SALSA VERDE CHICKEN AND CAULIFLOWER RICE



Salsa Verde Chicken and Cauliflower Rice image

This one-pot chicken and cauliflower rice dish uses store-bought salsa verde as a shortcut to a simple, high-flavor weeknight meal that's ready in 30 minutes.

Provided by Kristen Walker Maenke

Categories     Chicken Main Dishes

Time 30m

Yield 4

Number Of Ingredients 7

2 tablespoons butter
1 ½ pounds skinless, boneless chicken breasts, cut into 1-inch chunks
1 medium green bell pepper, diced
1 (16 ounce) jar salsa verde
1 (12 ounce) package frozen cauliflower rice
¼ cup chicken broth
salt and ground black pepper to taste

Steps:

  • Melt butter in a Dutch oven or large pot over medium-high heat.
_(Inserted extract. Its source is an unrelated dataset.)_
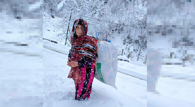 Teyzelerimiz, kıyafet, yiyecek gibi ihtiyaçları yükledikleri çuvalları sırtlarında taşıyarak kar kış demeden merkeze ulaştırıyor.

Add chicken and cook, stirring occasionally, until browned on all sides, 7 to 10 minutes.
  • Add bell pepper and cook, stirring occasionally, until tender-crisp, about 3 minutes.
  • Stir in salsa verde, cauliflower rice, and broth. Reduce heat to medium and cook, stirring occasionally, until cauliflower is tender and chicken is cooked through, about 7 minutes.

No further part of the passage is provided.